The involvement of women in decision-making processes is essential for a balanced and equitable society. However, men are in control of the decision-making in Marie Jeanne’s community. Women are not given the opportunity to share their ideas and concerns during community gatherings. Marie stood up against this and other injustices. #SheDares to speak up on behalf of all the women in her community. This is her story.   

Due to many years of conflict in the Democratic Republic of the Congo, retrogressive traditional social orders have been deeply rooted in our society. This hinders the involvement of women and girls in the decision-making processes in our households and communities. 

In a small village in Bukavu, South Kivu, I am Marie Jeanne, a 47-year-old mother of six and a guardian to a boy left behind after the father was killed during the rebel group's invasion of Goma in 2013. 

I am a farmer, but the poor living conditions and recurrent armed conflicts in the Eastern DRC make it difficult to care for my children. The little proceeds I get from farming cater to 10 percent of my household needs. This is the case for many women-led households in my village. After losing men to the war, women are left to take care of orphans and households. 

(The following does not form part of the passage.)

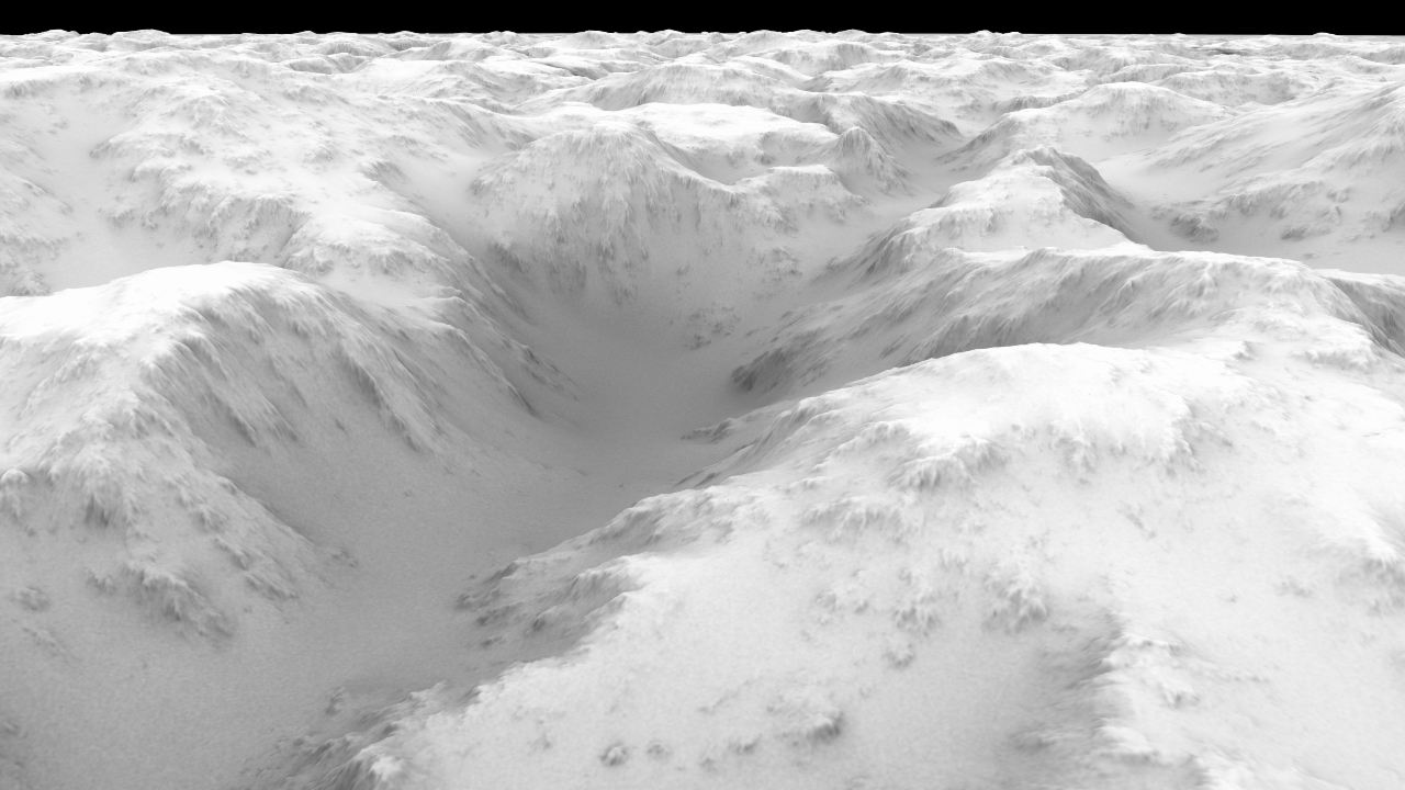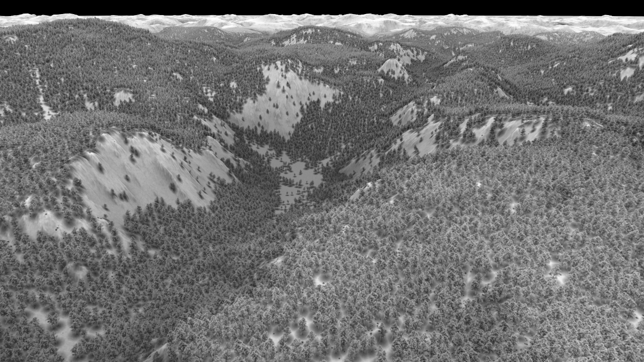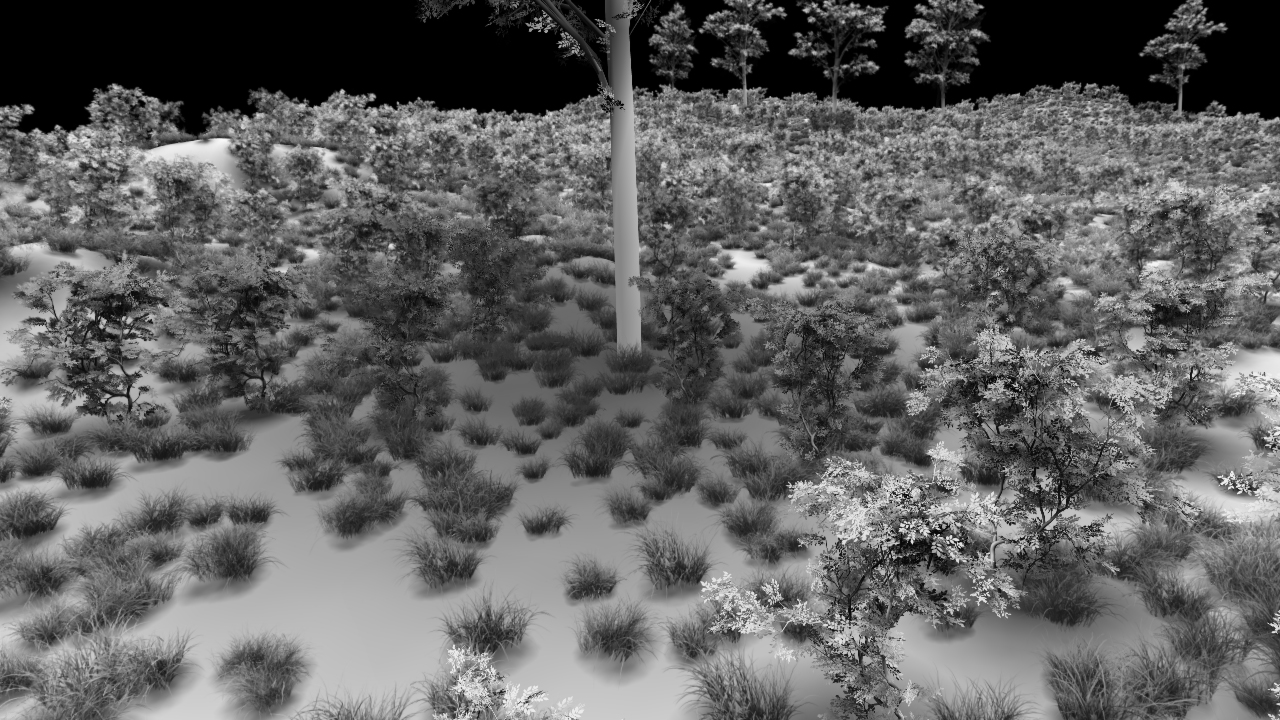 We can see that the AO of the landscape influences the AO of the trees that are planted onto it: trees in deep valleys are darker than trees on top of hills. This is due to the influence of the landscape AO over the vegetation layer that covers it. Note that we have the same mechanism with terrains: The atlas layer influences the The first level soil which itself influences Secondary soils. The resulting AO layer influences plants in biomes that are covering it. This mechanism's purpose is to maintain a global coherency in the lighting of the scene.

With increasing tension and insecurity, it became harder for me to go to the farm, and my husband couldn't go to the mining site in search of opportunities. In 2014, I took a risk and went to a nearby village called Luhara to enroll in Women for Women International's Stronger Women, Stronger Nations Program. My motivation to join was sparked by women in Luhara whose lives had drastically improved after joining the program. I kept wondering how they managed to set up income-generating activities in a short time. Unfortunately, I missed the opportunity because, at that time, the program was only meant for women from the Luhara community. I went home disappointed, but I still hoped to get the opportunity. 

Luckily, in 2016, WfWI launched the program in my village, and I was among the first women to be registered. I joined a group of 25 women to form our class. Together, we commenced the 12-month training. We learned practical skills such as beauty, poultry keeping, and brickmaking. We learned how to trade and set up businesses. Along the way, we also learned about our rights as women, our right to own land and inherit property, and how to prevent violence and domestic abuse. 

The training gave us a safe space to share our experiences and speak up on issues affecting us in our communities and homes. After a few months of training, I became confident and could speak up in class and among my peers.

After graduating, I overcame fear, and my trainers tapped into that strength and enrolled me in the Change Agent program, a grassroots advocacy and leadership training for women who demonstrate motivation and leadership in their community. We identified changes we wanted to see and created action plans that outlined how we wanted to use our voices and experiences to influence our communities. 

During the Change Agent program, we were encouraged to get involved in public life, train, support each other, and demand our rights. The modules on how to carry out advocacy actions helped me dispel the fear and shatter the myths that have, for several decades, pushed Congolese women to remain silent when men speak. Today, I can speak out and express women's ideas without any hang-ups. I realized that women could not speak or share their concerns during public assemblies in my village. All decision-making processes are still concentrated in the hands of men alone. I took a stand and decided to go against the norm. I am representing and speaking up on behalf of women in the assemblies. I am making the voices of women heard in my village. 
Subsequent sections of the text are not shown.